» **WHAT YOU ARE ASKED TO DO**: Output the data below exactly, images excluded.
(EXTRACTED MATERIAL begins)
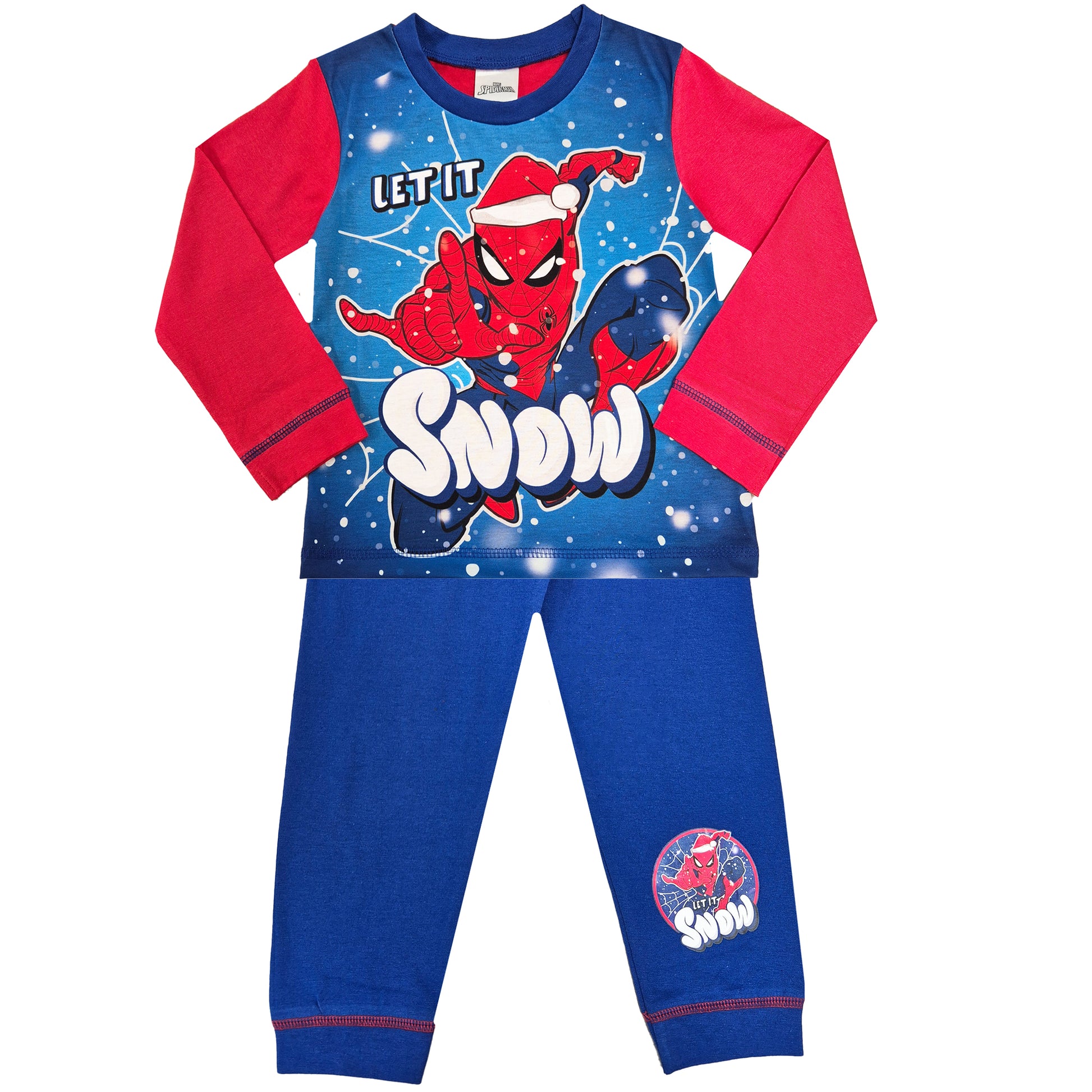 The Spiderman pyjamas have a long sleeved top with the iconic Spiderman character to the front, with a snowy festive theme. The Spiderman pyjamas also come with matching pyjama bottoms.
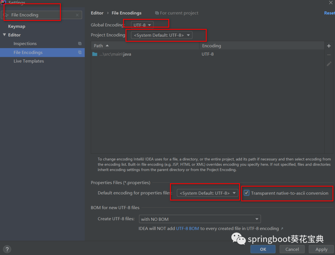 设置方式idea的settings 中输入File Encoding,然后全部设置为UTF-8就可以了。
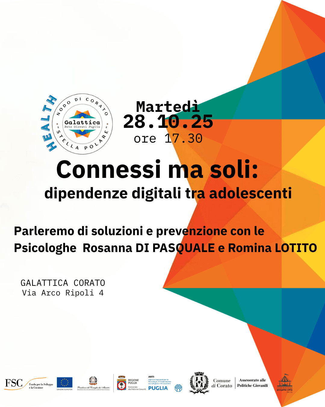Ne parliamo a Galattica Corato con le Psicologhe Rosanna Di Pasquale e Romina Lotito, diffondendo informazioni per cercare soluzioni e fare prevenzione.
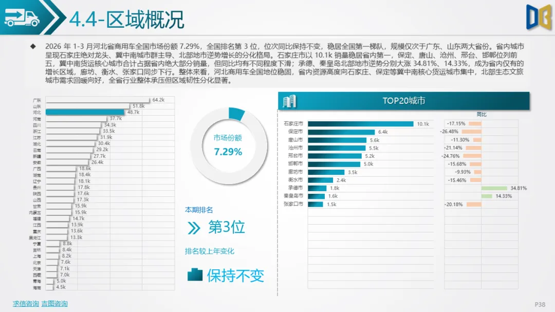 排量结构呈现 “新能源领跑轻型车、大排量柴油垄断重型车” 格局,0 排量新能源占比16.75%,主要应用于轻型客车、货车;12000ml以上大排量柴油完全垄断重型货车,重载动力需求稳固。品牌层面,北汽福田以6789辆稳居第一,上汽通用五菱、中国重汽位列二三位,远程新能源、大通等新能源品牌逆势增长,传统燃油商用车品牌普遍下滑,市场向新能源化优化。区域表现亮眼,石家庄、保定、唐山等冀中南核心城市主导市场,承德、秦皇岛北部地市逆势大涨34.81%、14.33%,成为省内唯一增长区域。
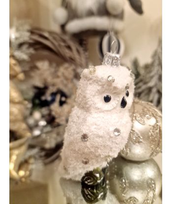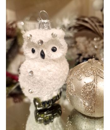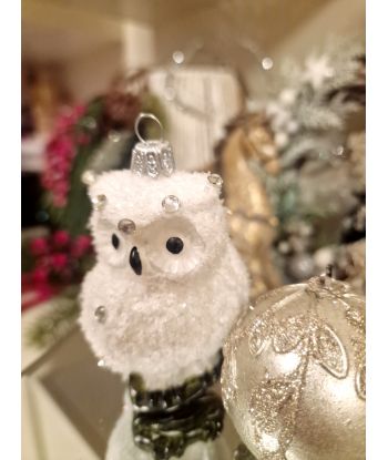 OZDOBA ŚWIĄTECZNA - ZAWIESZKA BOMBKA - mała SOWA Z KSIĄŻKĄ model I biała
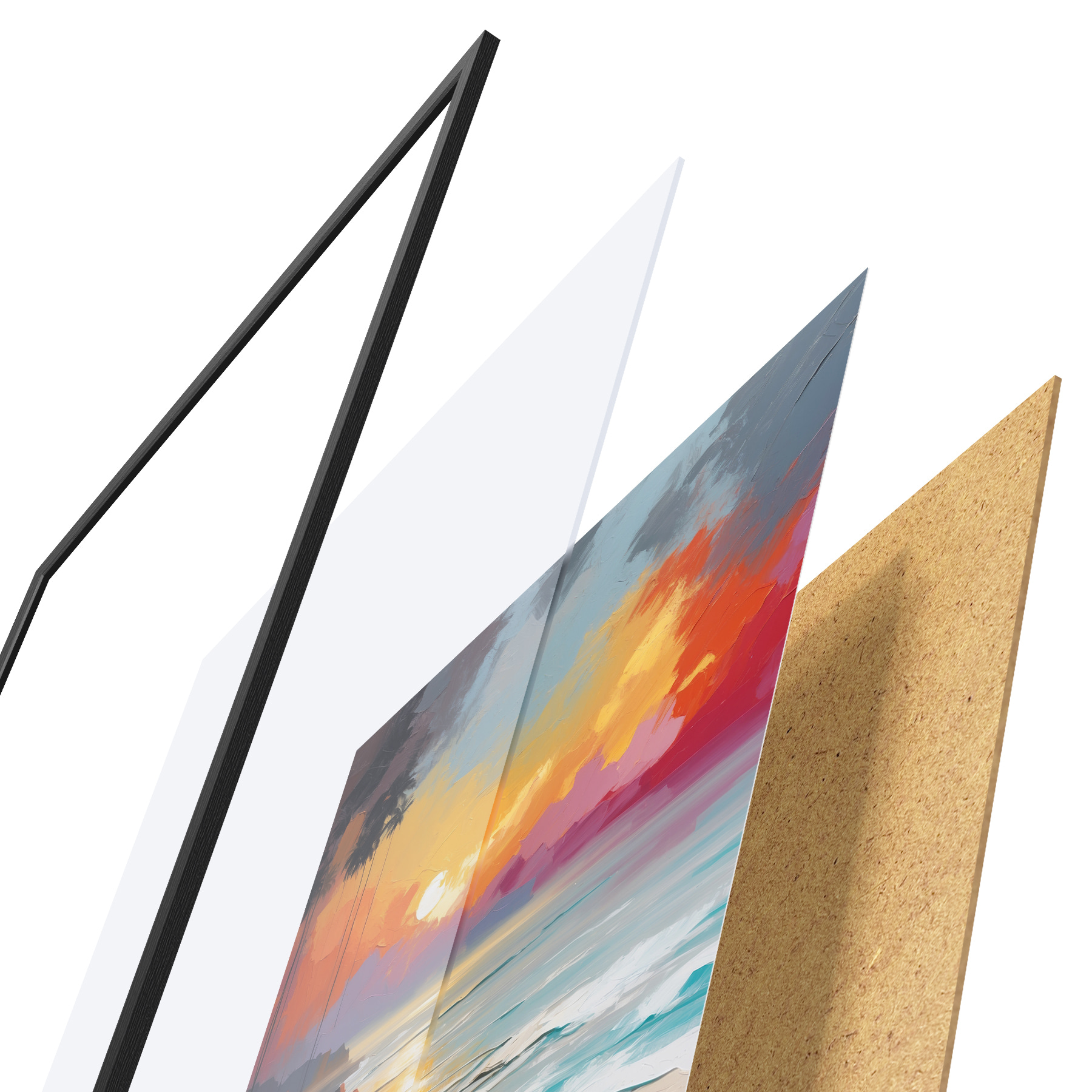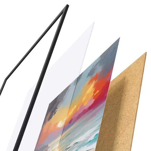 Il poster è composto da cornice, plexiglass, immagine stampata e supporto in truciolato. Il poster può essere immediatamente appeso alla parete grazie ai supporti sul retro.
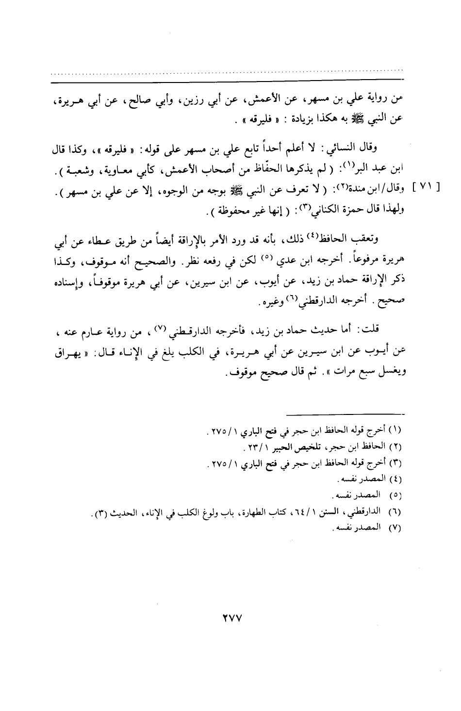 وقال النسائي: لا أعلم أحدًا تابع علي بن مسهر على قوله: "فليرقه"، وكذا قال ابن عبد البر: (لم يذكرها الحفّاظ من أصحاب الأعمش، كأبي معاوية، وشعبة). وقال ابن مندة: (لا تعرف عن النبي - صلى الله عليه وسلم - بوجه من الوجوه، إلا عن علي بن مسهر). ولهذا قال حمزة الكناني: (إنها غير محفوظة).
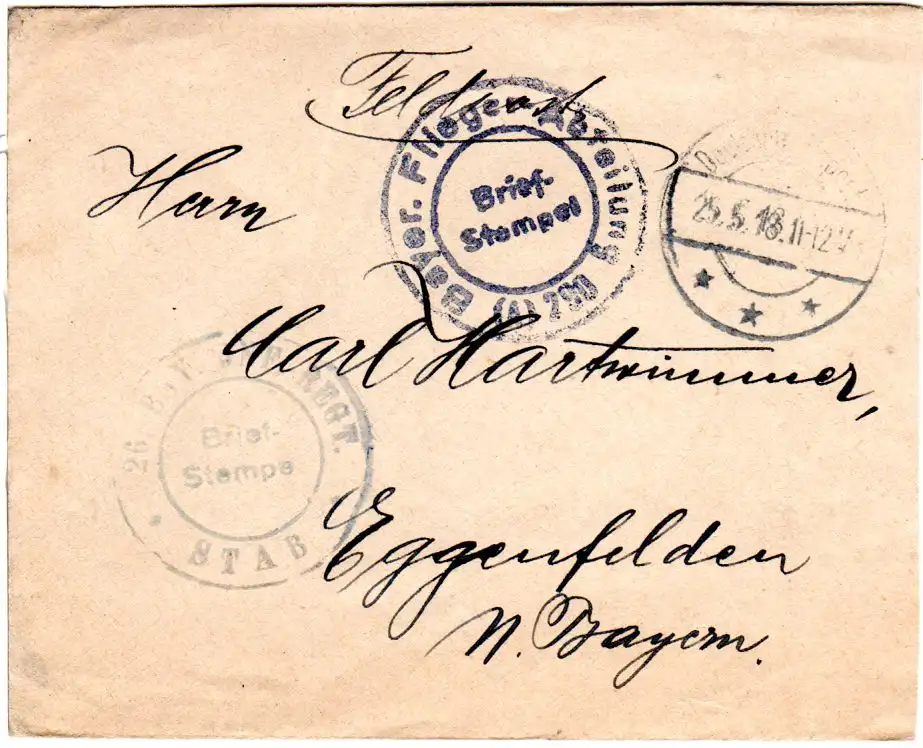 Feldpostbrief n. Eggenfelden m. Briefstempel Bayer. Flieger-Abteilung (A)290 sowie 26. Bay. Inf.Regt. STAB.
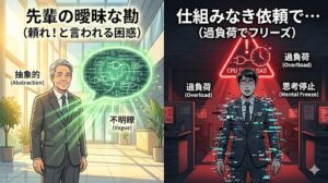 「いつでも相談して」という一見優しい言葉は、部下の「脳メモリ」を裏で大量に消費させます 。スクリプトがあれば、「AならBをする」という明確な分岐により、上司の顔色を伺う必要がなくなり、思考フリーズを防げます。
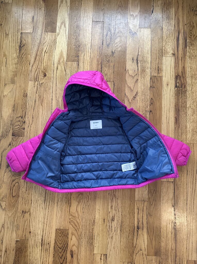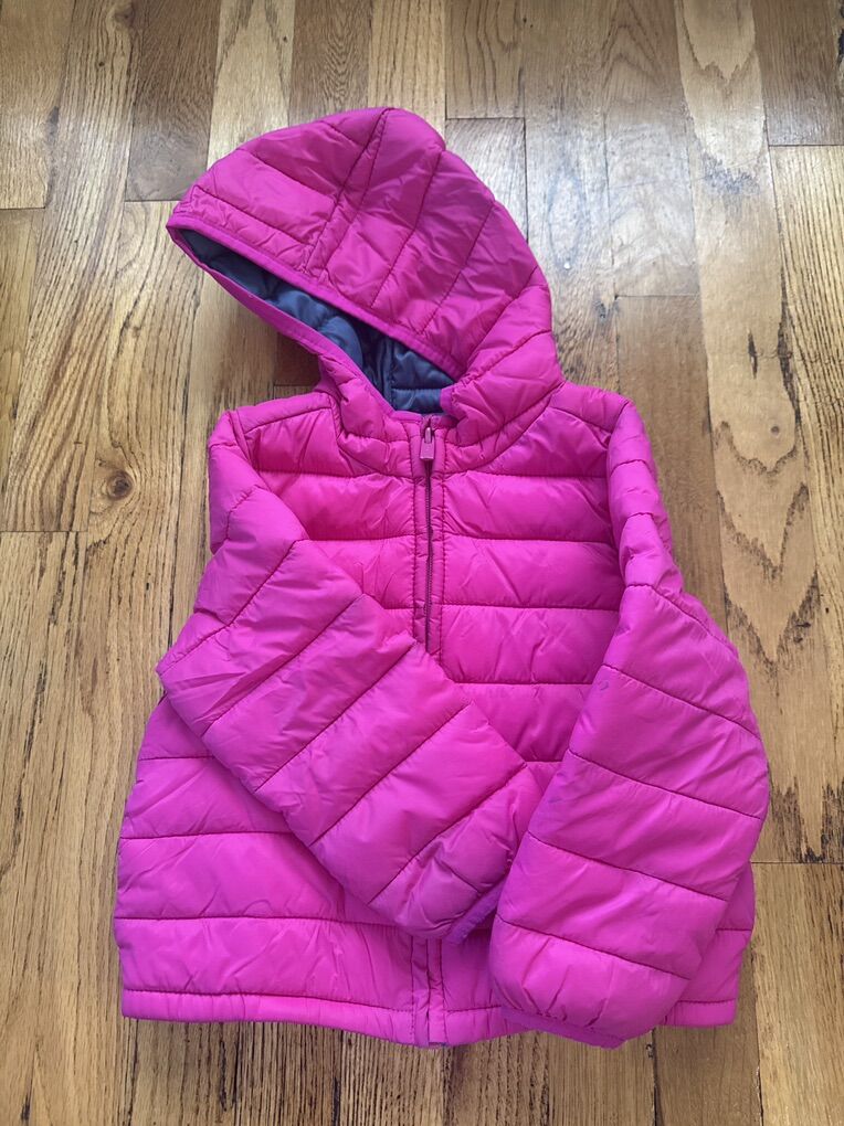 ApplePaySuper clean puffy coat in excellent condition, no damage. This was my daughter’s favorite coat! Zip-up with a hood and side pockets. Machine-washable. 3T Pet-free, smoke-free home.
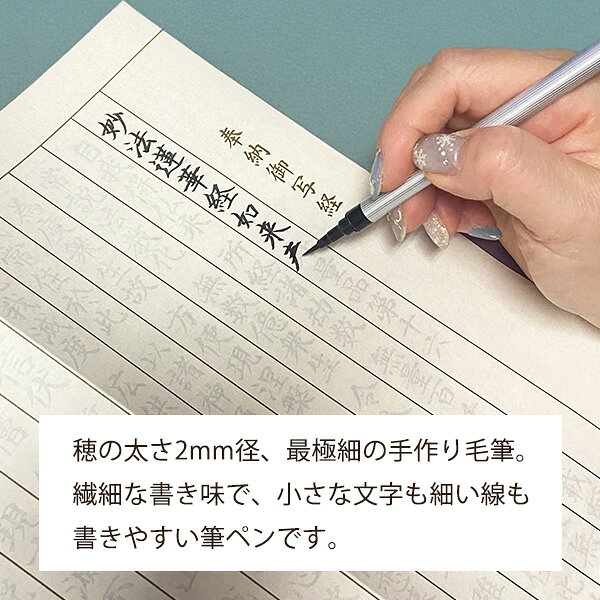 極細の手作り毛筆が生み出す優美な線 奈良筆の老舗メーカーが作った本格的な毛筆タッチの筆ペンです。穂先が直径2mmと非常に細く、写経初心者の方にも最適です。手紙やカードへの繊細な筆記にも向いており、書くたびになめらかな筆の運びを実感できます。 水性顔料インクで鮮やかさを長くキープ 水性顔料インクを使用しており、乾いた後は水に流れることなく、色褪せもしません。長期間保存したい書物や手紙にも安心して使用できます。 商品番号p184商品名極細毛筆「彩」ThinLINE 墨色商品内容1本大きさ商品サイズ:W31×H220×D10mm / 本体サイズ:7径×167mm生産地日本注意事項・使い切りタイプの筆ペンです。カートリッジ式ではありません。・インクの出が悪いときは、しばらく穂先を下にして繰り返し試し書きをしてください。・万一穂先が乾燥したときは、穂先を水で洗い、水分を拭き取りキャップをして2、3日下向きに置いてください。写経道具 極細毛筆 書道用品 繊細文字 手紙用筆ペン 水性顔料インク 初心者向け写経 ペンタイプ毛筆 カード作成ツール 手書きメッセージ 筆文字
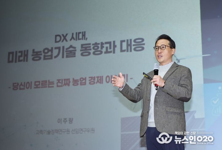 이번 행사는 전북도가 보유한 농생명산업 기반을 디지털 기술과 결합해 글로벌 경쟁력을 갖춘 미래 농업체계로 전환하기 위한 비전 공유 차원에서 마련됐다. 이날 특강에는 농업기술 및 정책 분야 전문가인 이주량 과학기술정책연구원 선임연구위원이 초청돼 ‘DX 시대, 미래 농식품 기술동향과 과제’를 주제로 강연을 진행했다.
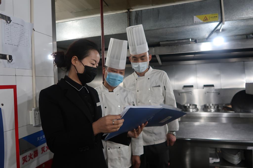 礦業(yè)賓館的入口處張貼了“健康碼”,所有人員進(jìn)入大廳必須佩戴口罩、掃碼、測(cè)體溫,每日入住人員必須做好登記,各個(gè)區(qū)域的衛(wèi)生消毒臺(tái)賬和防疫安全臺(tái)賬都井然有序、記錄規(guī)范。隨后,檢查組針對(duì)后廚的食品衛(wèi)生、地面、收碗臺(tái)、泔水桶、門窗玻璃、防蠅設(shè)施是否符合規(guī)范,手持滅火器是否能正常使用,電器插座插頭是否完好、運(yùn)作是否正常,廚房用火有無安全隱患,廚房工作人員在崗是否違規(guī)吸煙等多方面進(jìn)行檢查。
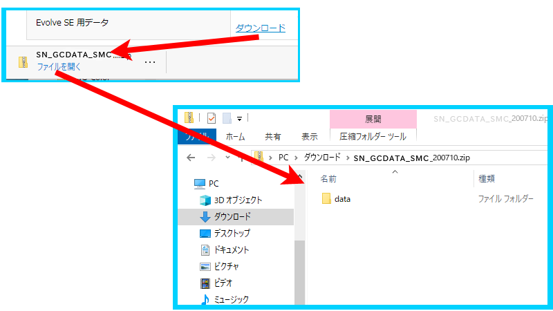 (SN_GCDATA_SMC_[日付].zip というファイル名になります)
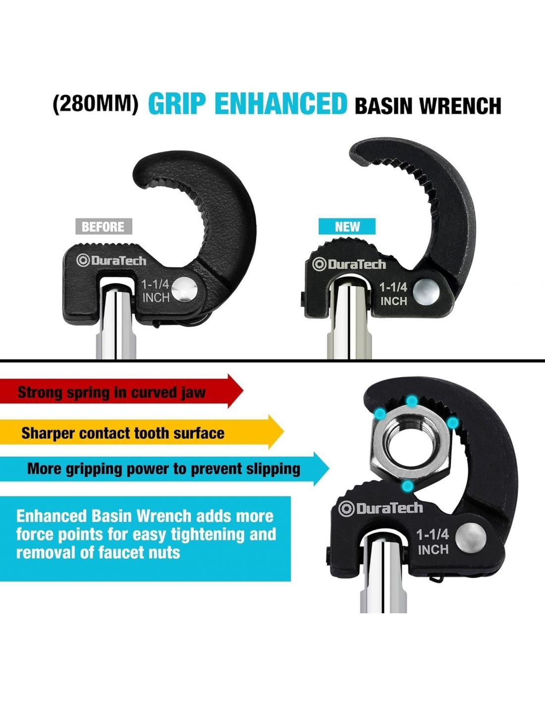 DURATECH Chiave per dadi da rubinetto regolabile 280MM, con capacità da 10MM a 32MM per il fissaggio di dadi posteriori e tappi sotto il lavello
(EXTRACTED MATERIAL ends)
» **EXERCISE RESPONSE**:
 The Spiderman pyjamas have a long sleeved top with the iconic Spiderman character to the front, with a snowy festive theme. The Spiderman pyjamas also come with matching pyjama bottoms.
 设置方式idea的settings 中输入File Encoding,然后全部设置为UTF-8就可以了。
Ne parliamo a Galattica Corato con le Psicologhe Rosanna Di Pasquale e Romina Lotito, diffondendo informazioni per cercare soluzioni e fare prevenzione.
 排量结构呈现 “新能源领跑轻型车、大排量柴油垄断重型车” 格局,0 排量新能源占比16.75%,主要应用于轻型客车、货车;12000ml以上大排量柴油完全垄断重型货车,重载动力需求稳固。品牌层面,北汽福田以6789辆稳居第一,上汽通用五菱、中国重汽位列二三位,远程新能源、大通等新能源品牌逆势增长,传统燃油商用车品牌普遍下滑,市场向新能源化优化。区域表现亮眼,石家庄、保定、唐山等冀中南核心城市主导市场,承德、秦皇岛北部地市逆势大涨34.81%、14.33%,成为省内唯一增长区域。
 OZDOBA ŚWIĄTECZNA - ZAWIESZKA BOMBKA - mała SOWA Z KSIĄŻKĄ model I biała
 Il poster è composto da cornice, plexiglass, immagine stampata e supporto in truciolato. Il poster può essere immediatamente appeso alla parete grazie ai supporti sul retro.
 وقال النسائي: لا أعلم أحدًا تابع علي بن مسهر على قوله: "فليرقه"، وكذا قال ابن عبد البر: (لم يذكرها الحفّاظ من أصحاب الأعمش، كأبي معاوية، وشعبة). وقال ابن مندة: (لا تعرف عن النبي - صلى الله عليه وسلم - بوجه من الوجوه، إلا عن علي بن مسهر). ولهذا قال حمزة الكناني: (إنها غير محفوظة).
 Feldpostbrief n. Eggenfelden m. Briefstempel Bayer. Flieger-Abteilung (A)290 sowie 26. Bay. Inf.Regt. STAB.
 「いつでも相談して」という一見優しい言葉は、部下の「脳メモリ」を裏で大量に消費させます 。スクリプトがあれば、「AならBをする」という明確な分岐により、上司の顔色を伺う必要がなくなり、思考フリーズを防げます。
 ApplePaySuper clean puffy coat in excellent condition, no damage. This was my daughter’s favorite coat! Zip-up with a hood and side pockets. Machine-washable. 3T Pet-free, smoke-free home.
 極細の手作り毛筆が生み出す優美な線 奈良筆の老舗メーカーが作った本格的な毛筆タッチの筆ペンです。穂先が直径2mmと非常に細く、写経初心者の方にも最適です。手紙やカードへの繊細な筆記にも向いており、書くたびになめらかな筆の運びを実感できます。 水性顔料インクで鮮やかさを長くキープ 水性顔料インクを使用しており、乾いた後は水に流れることなく、色褪せもしません。長期間保存したい書物や手紙にも安心して使用できます。 商品番号p184商品名極細毛筆「彩」ThinLINE 墨色商品内容1本大きさ商品サイズ:W31×H220×D10mm / 本体サイズ:7径×167mm生産地日本注意事項・使い切りタイプの筆ペンです。カートリッジ式ではありません。・インクの出が悪いときは、しばらく穂先を下にして繰り返し試し書きをしてください。・万一穂先が乾燥したときは、穂先を水で洗い、水分を拭き取りキャップをして2、3日下向きに置いてください。写経道具 極細毛筆 書道用品 繊細文字 手紙用筆ペン 水性顔料インク 初心者向け写経 ペンタイプ毛筆 カード作成ツール 手書きメッセージ 筆文字
 이번 행사는 전북도가 보유한 농생명산업 기반을 디지털 기술과 결합해 글로벌 경쟁력을 갖춘 미래 농업체계로 전환하기 위한 비전 공유 차원에서 마련됐다. 이날 특강에는 농업기술 및 정책 분야 전문가인 이주량 과학기술정책연구원 선임연구위원이 초청돼 ‘DX 시대, 미래 농식품 기술동향과 과제’를 주제로 강연을 진행했다.
 礦業(yè)賓館的入口處張貼了“健康碼”,所有人員進(jìn)入大廳必須佩戴口罩、掃碼、測(cè)體溫,每日入住人員必須做好登記,各個(gè)區(qū)域的衛(wèi)生消毒臺(tái)賬和防疫安全臺(tái)賬都井然有序、記錄規(guī)范。隨后,檢查組針對(duì)后廚的食品衛(wèi)生、地面、收碗臺(tái)、泔水桶、門窗玻璃、防蠅設(shè)施是否符合規(guī)范,手持滅火器是否能正常使用,電器插座插頭是否完好、運(yùn)作是否正常,廚房用火有無安全隱患,廚房工作人員在崗是否違規(guī)吸煙等多方面進(jìn)行檢查。
 (SN_GCDATA_SMC_[日付].zip というファイル名になります)
 DURATECH Chiave per dadi da rubinetto regolabile 280MM, con capacità da 10MM a 32MM per il fissaggio di dadi posteriori e tappi sotto il lavello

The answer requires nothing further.